MECOM signaling in pediatric AML controls an important network of genes that make a subset of AMLs very difficult to cure. I have found that disruption of MECOM in AML cells leads to loss of leukemia stem cells but because of its protein structure, developing drugs specifically against MECOM is very challenging. In this proposal, my goal is to uncover the specific role of MECOM in controlling this important gene network to identify other proteins that could be easier to manipulate with treatments.
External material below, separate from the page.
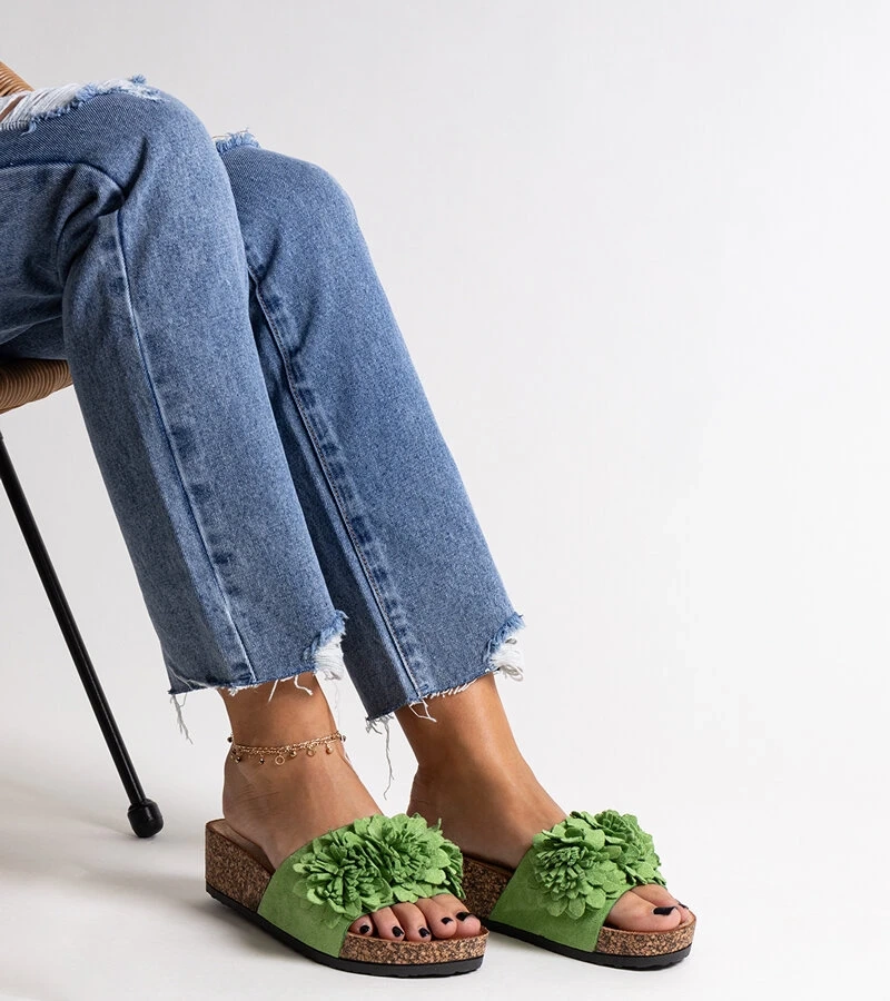 Zelené žabky s kvetmi na platforme Apolonia

To do so, I have used a cutting-edge strategy to engineer MECOM-addicted AML cells with a MECOM kill-switch that will allow me to specifically destroy the MECOM protein in a matter of minutes. This will allow me to uncover the immediate, specific effects of MECOM loss on the structure of DNA loops and expression of other genes. Specifically, my prior work suggested that two proteins, RUNX1 and CTCF, become differentially activated upon MECOM loss and this strategy will allow the investigation of these interactions. In the second aim, I will systematically investigate each gene of the MECOM network in AML to uncover which specific downstream genes are necessary for MECOM activity in AML. One gene of the MECOM network in particular has already shown promise as an essential effector of the MECOM network, and I will specifically investigate its function in AML. In addition, I will develop a specific method to block this gene product that, if successful, could be adapted for use in pediatric AML patients.